• [Task statement] What you return must be an exact copy of the lines in the listing below between the line holding "قال عبد اللَّه: سمعت" and the line holding "곳곳에 묵은때로 약품을 뿌리고 닦아내는", inclusive, and nothing more.

• [Task data]
☆ ☆ ☆ ☆

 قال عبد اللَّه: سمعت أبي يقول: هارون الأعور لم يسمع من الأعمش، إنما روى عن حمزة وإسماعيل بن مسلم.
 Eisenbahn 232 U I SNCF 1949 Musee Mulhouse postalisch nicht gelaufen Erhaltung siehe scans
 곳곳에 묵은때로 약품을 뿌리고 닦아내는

☆ ☆ ☆ ☆

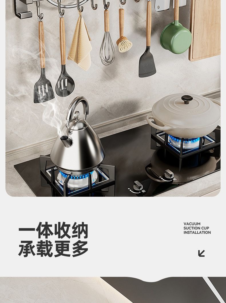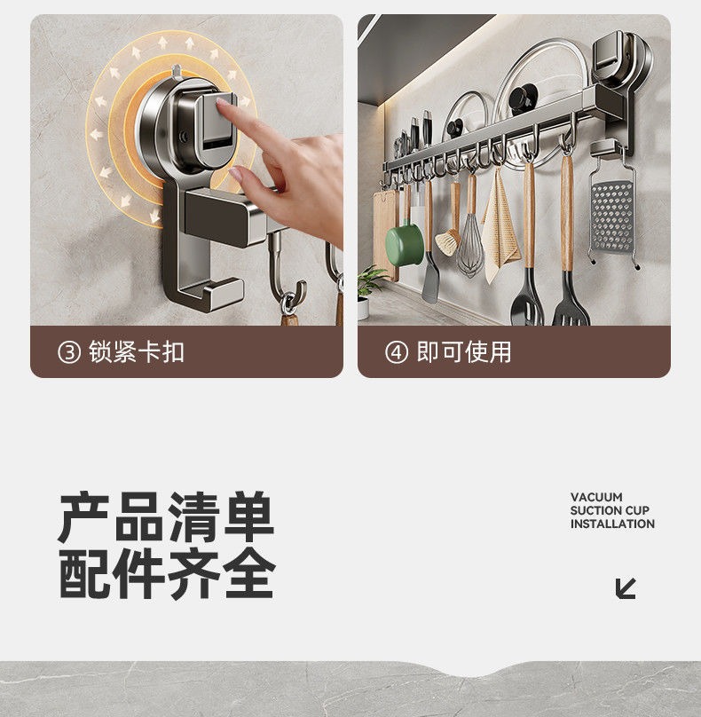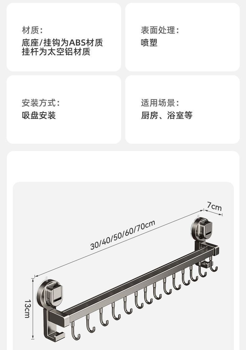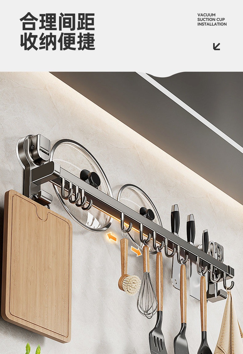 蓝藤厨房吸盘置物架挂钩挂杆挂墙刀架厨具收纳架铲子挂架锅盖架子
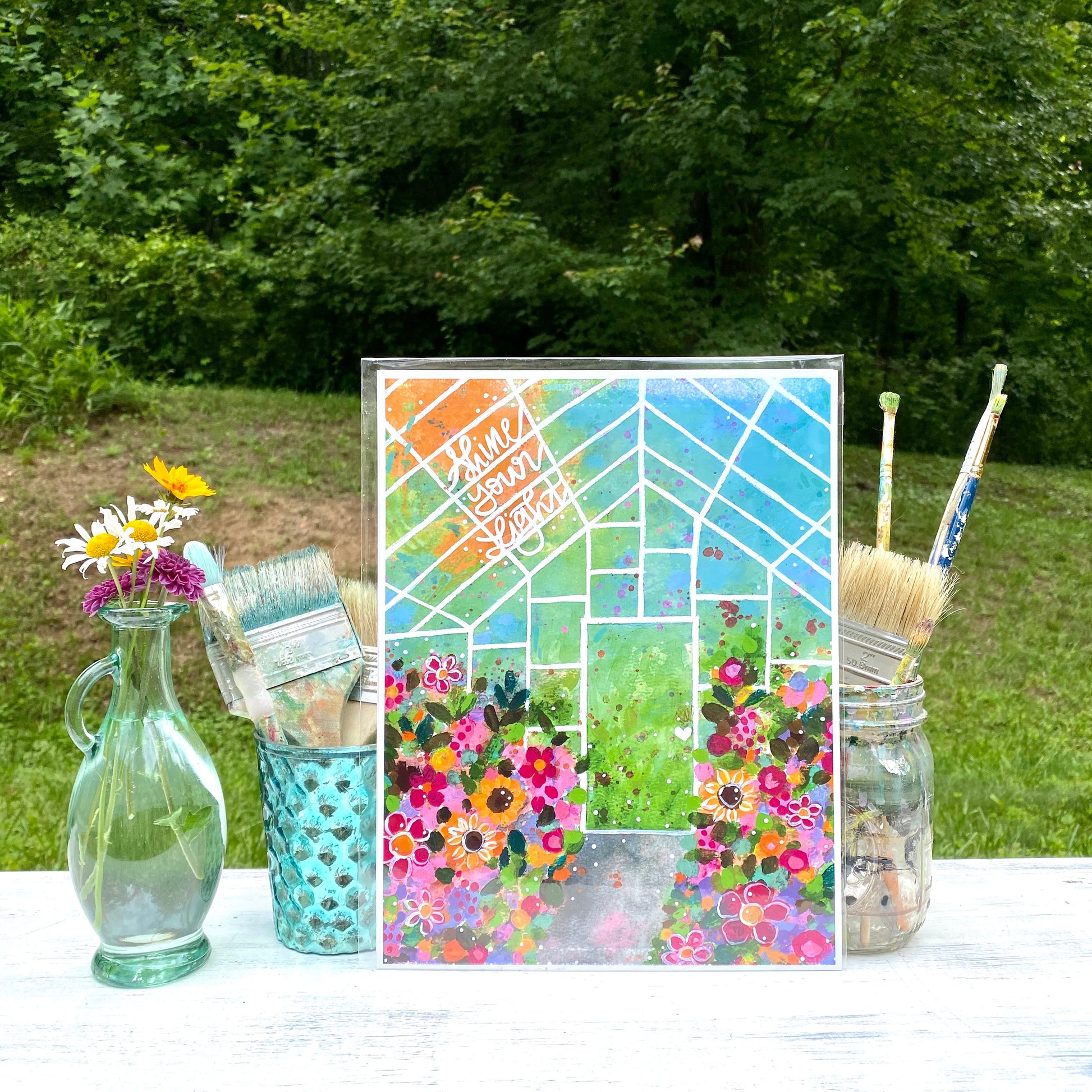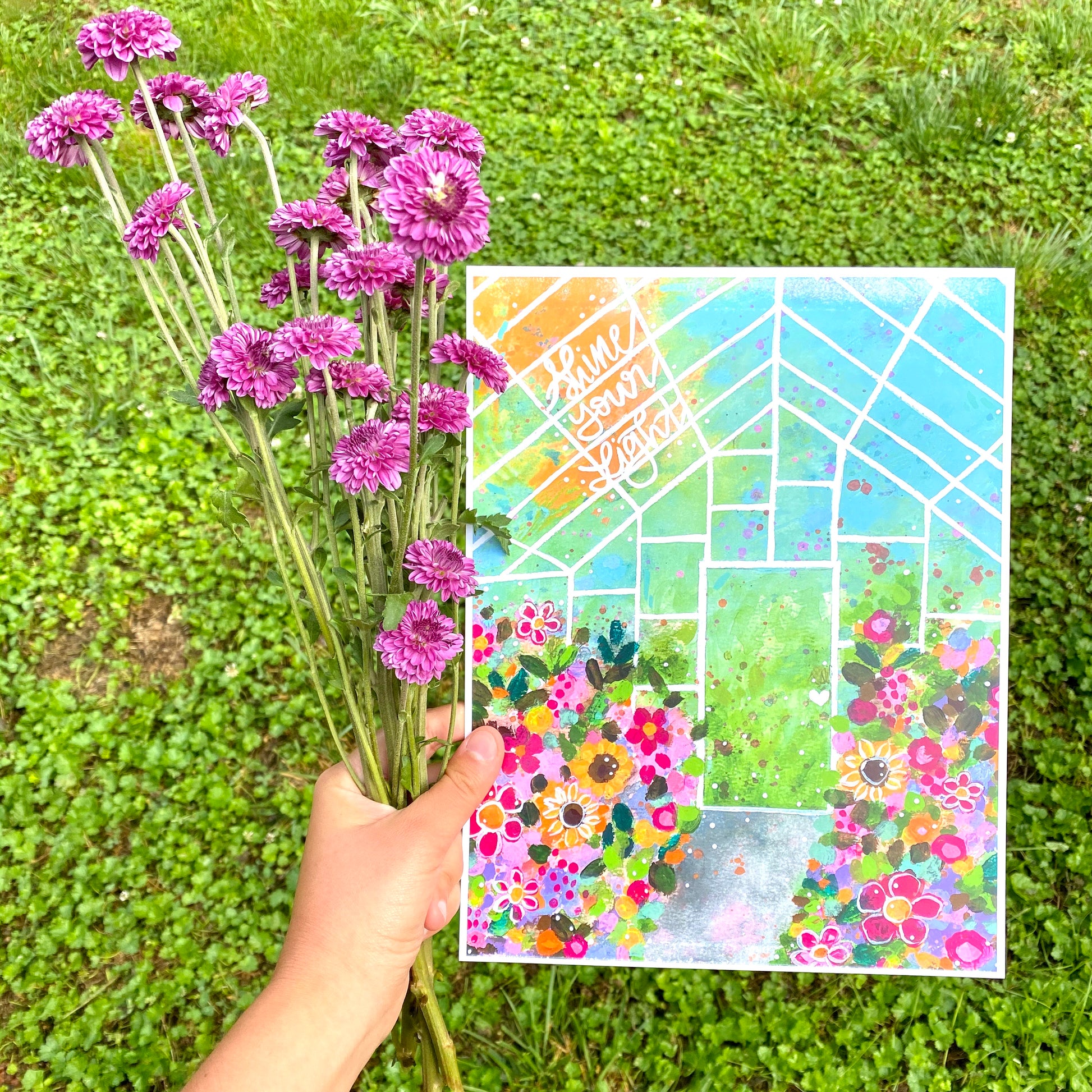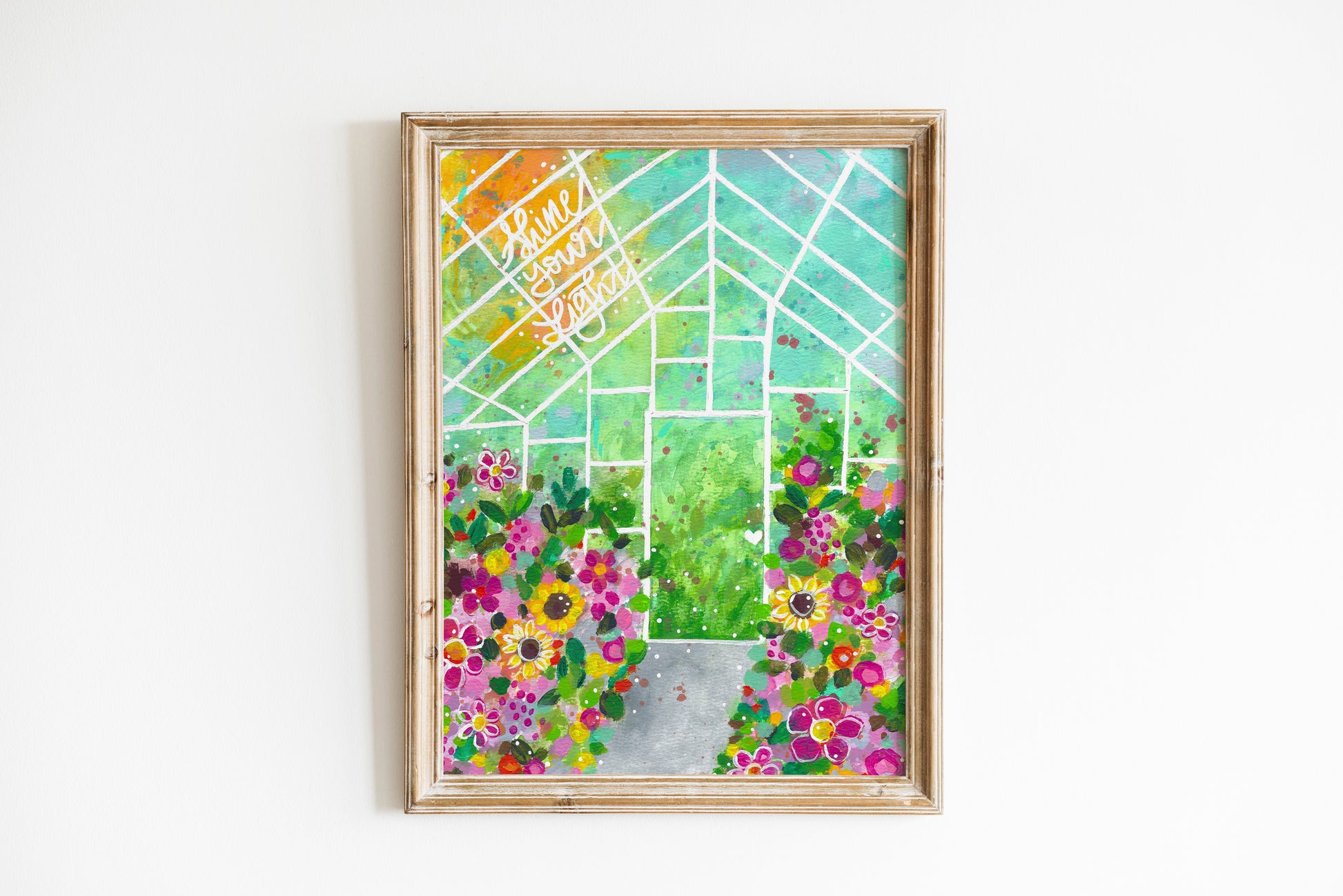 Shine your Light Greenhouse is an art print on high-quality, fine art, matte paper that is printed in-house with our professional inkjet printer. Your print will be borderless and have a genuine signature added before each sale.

☆ ☆ ☆ ☆

• [Reply to the exercise]
 قال عبد اللَّه: سمعت أبي يقول: هارون الأعور لم يسمع من الأعمش، إنما روى عن حمزة وإسماعيل بن مسلم.
 Eisenbahn 232 U I SNCF 1949 Musee Mulhouse postalisch nicht gelaufen Erhaltung siehe scans
 곳곳에 묵은때로 약품을 뿌리고 닦아내는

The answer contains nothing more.